The list of things we’ve learned from chess-playing computers keeps getting longer. In 1985, Gary Kasparov was able to beat 32 computers in simultaneous games. By 1997, IBM’s Deep Blue was able to edge him in a series of games. While a single human can no longer beat a single computer, a team of humans and computers collaborating is an even more formidable competitor. Interestingly, neither the humans nor the computers need be chess masters. As with any good collaboration, the whole is much greater than the sum of the parts.
This isn’t a chess or technology blog, so what does this mean for business leaders?
Computers don’t out-think humans, they simply brute-force calculations for all the possible moves and countermoves. Since reasoning actually involves relatively little computation, computers are very, very good at it. Conversely, the things we take for granted such as recognizing a face are highly complex functions that involve neurological “black magic” that is difficult to reproduce with computers. Quoting Steve Pinker:
“The main lesson of thirty-five years of AI research is that the hard problems are easy and the easy problems are hard. The mental abilities of a four-year-old that we take for granted – recognizing a face, lifting a pencil, walking across a room, answering a question – in fact solve some of the hardest engineering problems ever conceived…. As the new generation of intelligent devices appears, it will be the stock analysts and petrochemical engineers and parole board members who are in danger of being replaced by machines. The gardeners, receptionists, and cooks are secure in their jobs for decades to come.”

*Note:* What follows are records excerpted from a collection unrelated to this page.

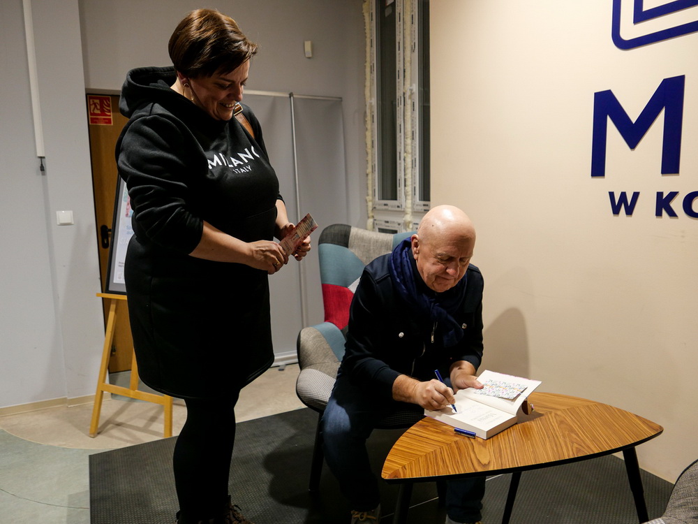 Jej tytuł może być mylący. Nie dotyczy bowiem autora, lecz nastolatki wchodzącej w dorosłe życie, z jej wzlotami i upadkami, zderzaniem się z codziennością - raz łatwiejszą, raz bardzo trudną. W czasie spotkania prowadzonego przez Marcina Szafrańskiego, naczelnego „Przeglądu Konińskiego”, dzielił się spostrzeżeniami o pracy dziennikarza i pisarza, podkreślając, że pisarstwo to jego pasja. Pytany o źródła inspiracji mówił, że fabułę wymyśla od początku do końca, choć czasem zdarza się, że pewne jej fragmenty osadza w konkretnych miejscach, z konkretnymi osobami. Przyznał też, że rozpoczął już pracę nad kolejną książką. O czym będzie – nie chciał zdradzić. Zapowiedział również kolejne spotkanie z czytelnikami, na… tarasie swojego domu.
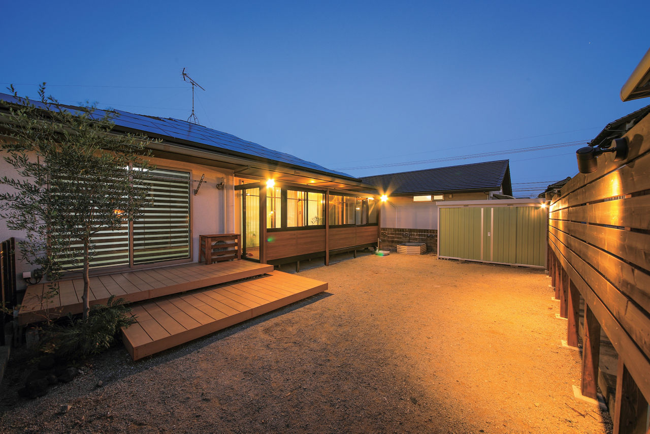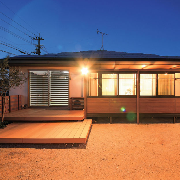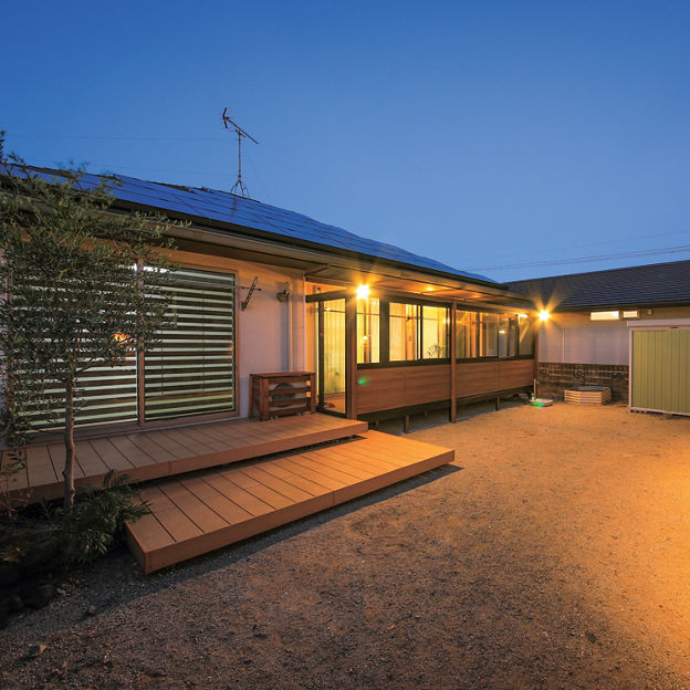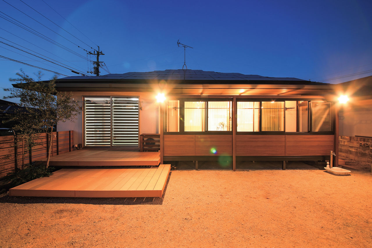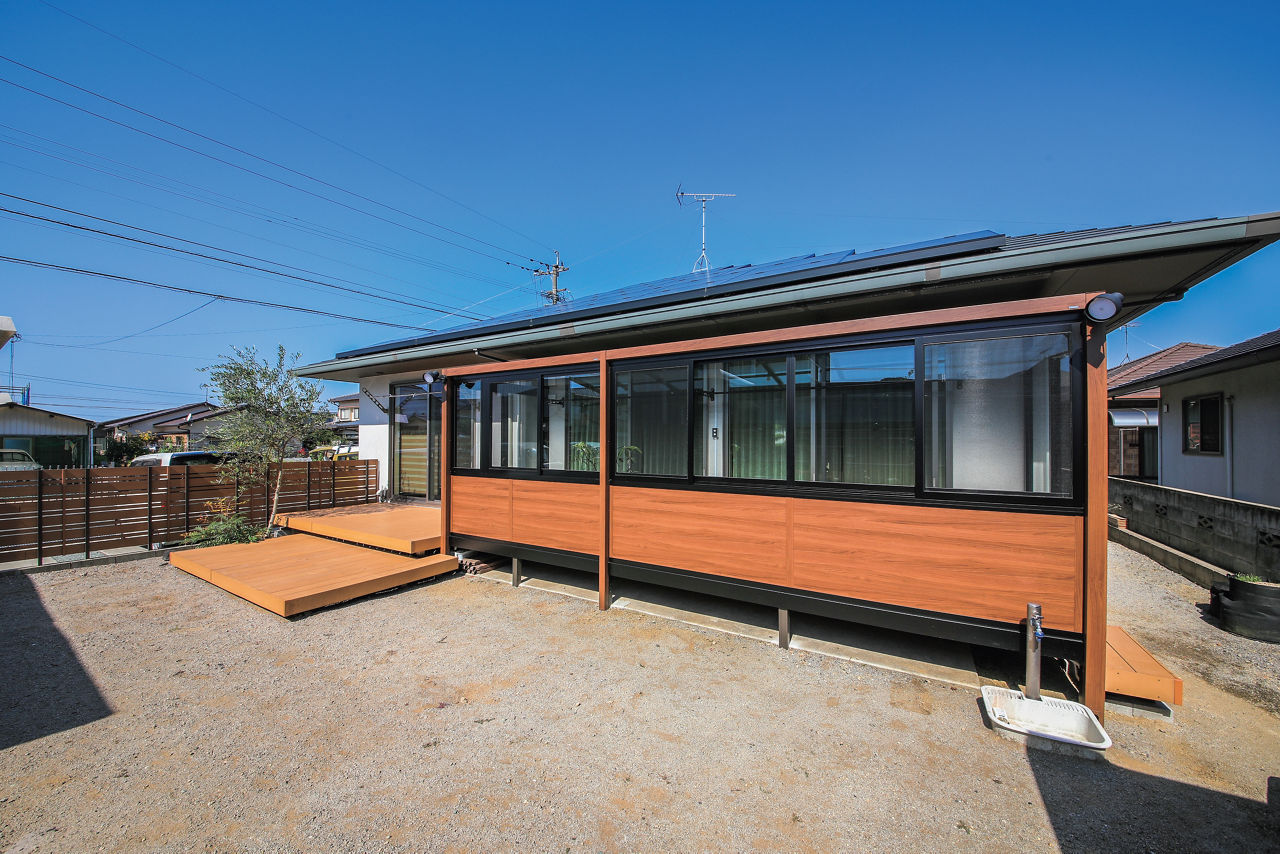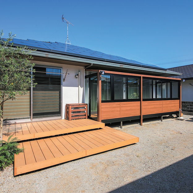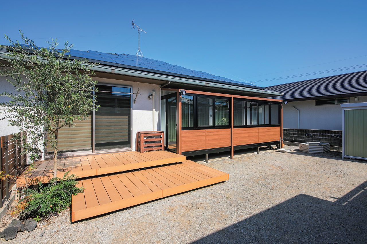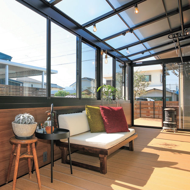 ガーデンルームGFと既存のデッキスペースを連結し、一体感のあるくつろぎ空間に。ガーデンルームを設置することで室内から庭への動線も良くなり、使い勝手も向上。足元や見せたくない部分を隠せる腰壁仕様を取り入れ、居心地も高めています。
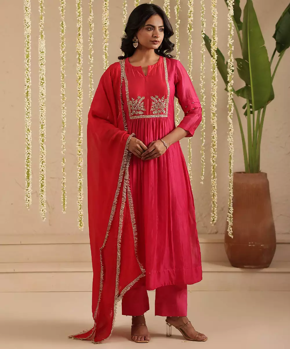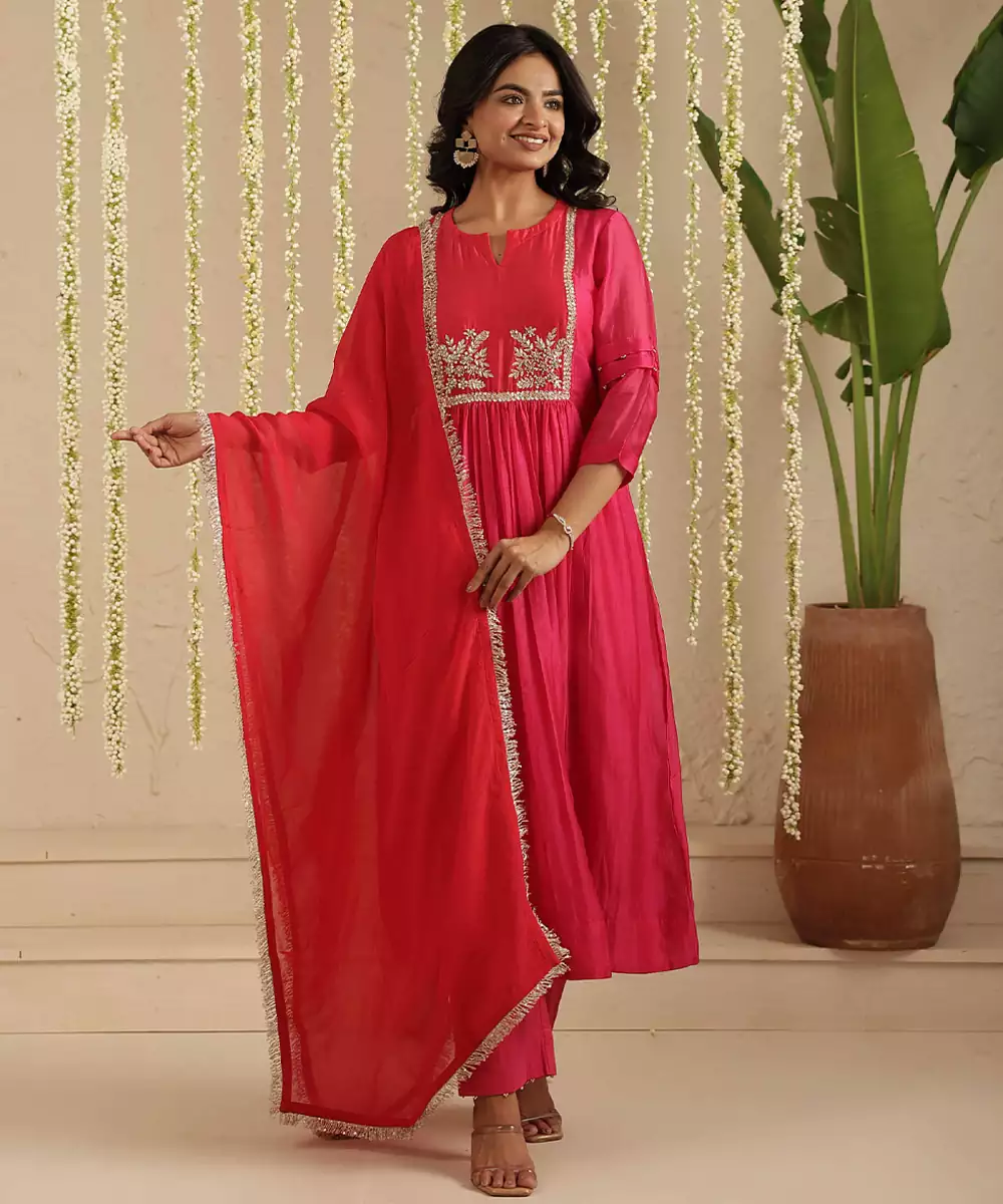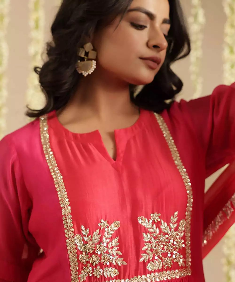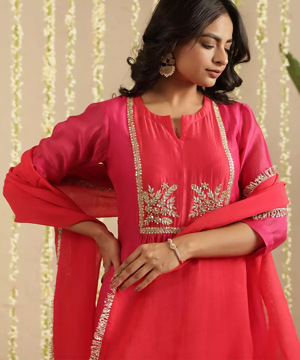 Shades Of Red And Hotpink Have Always Been The Topsellers Of Every Season Because Of Their Happy And Vibrant Vibe. This One Is No Different. The Intricate Detailing On The Sleeves And Yoke Makes It All The More Appealing.
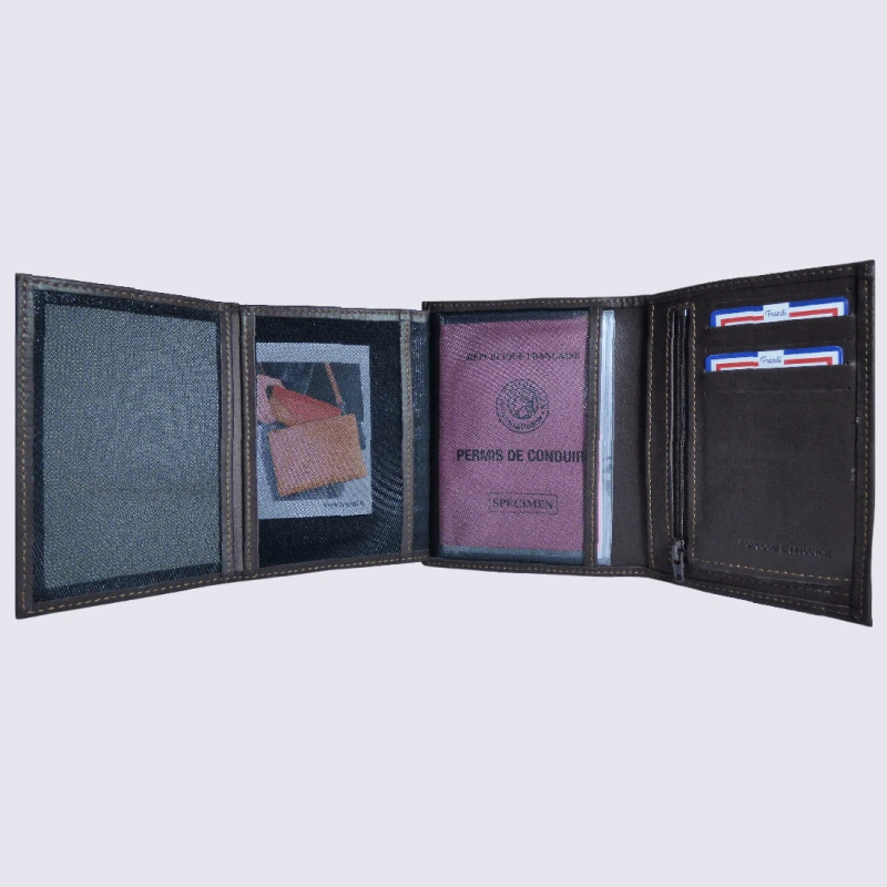 - IntĂ©rieur : 13 emplacements cartes, 1 poche zippĂ©e pour la monnaie, 3 volets rangement pour permis de conduire et/ou carte d’identitĂ©, 1 poche dorsale pour billets, 1 poche
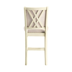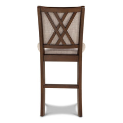 The Amy counter chair is designed to bring a perfect blend of durability, comfort, and style to your dining room. Included in this set are two counter chairs along with all the necessary hardware and assembly instructions for effortless setup. Crafted from solid Rubberwood, these chairs embody both the long-lasting and the inherent beauty of wood construction. The resilient and attractive upholstery features 100% polyester fabric, covering the seat and back cushions for a comfortable and lasting seating experience. Supported by solid wood legs reinforced with base stretchers that cleverly double as footrests, these counter chairs are built to last. The stylish design elements, including tapered legs, double X-back wood detail, weathered edges, and plush cushions, create a relaxing and distinctive chair that seamlessly complements your dining space.
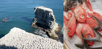オークランド市内から車で約40〜50分、野生のカツオドリの群生地が簡単に見られる観光名所。数千羽のカツオドリは8月〜3月が見ごろ、5月でもその姿を見ることができる。巨大な砂丘が点在する黒砂のビーチは壮大な景観で荒々しい波が打ち寄せ、サーファーたちが巨大なうねりを目指し果敢に挑んでいる。
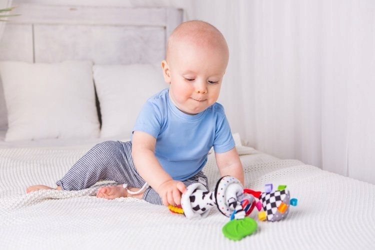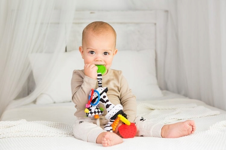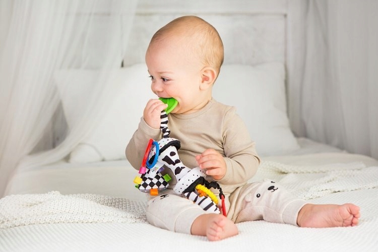 Контрастна іграшка, форма якої ідеально поєднується з ручкою малюка. Тут є безліч сюрпризів, включаючи барвисті зуби в соковиті кольори, труби, пісочниці та стрічки, щоб перетягнути іграшки двома способами. Продукт:
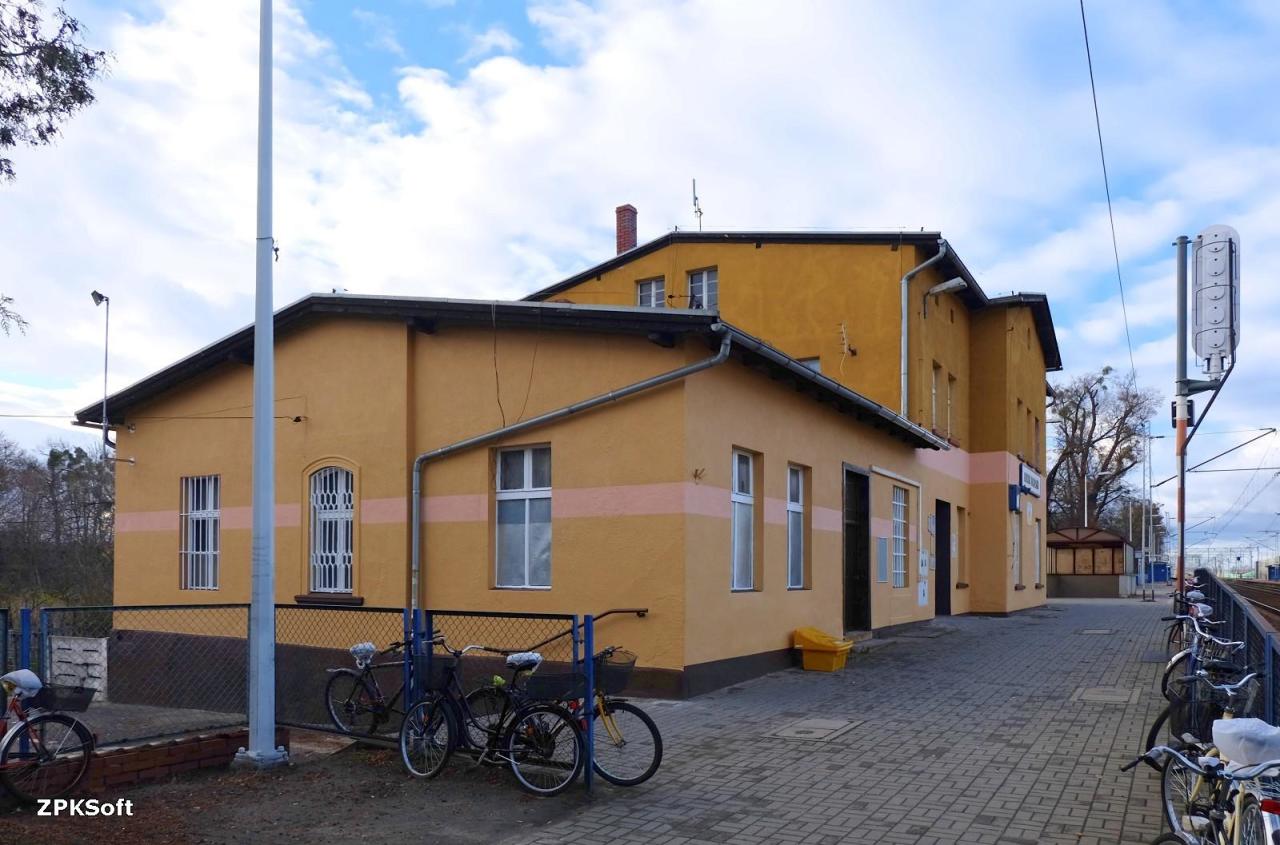 Budynek stacji widoczny od strony wyjścia do miasta.

In this light, the teaming of humans with their intuition and computers with their ability to do billions of rote calculations starts to make sense, and is instructive.
The lesson for leaders is to look for ways to combine humans and computers in ways to accentuate the strengths of each. The experience with chess teaches us that purely automated processes can outperform purely human processes, but that a human controlled process backed by computers checking for errors and consistency will outperform both. Recognizing this will have implications for how we make decisions. The first step is to understand how we make decisions, so we can learn how to leverage the relative strengths (and cover the weaknesses) of humans and computers respectively.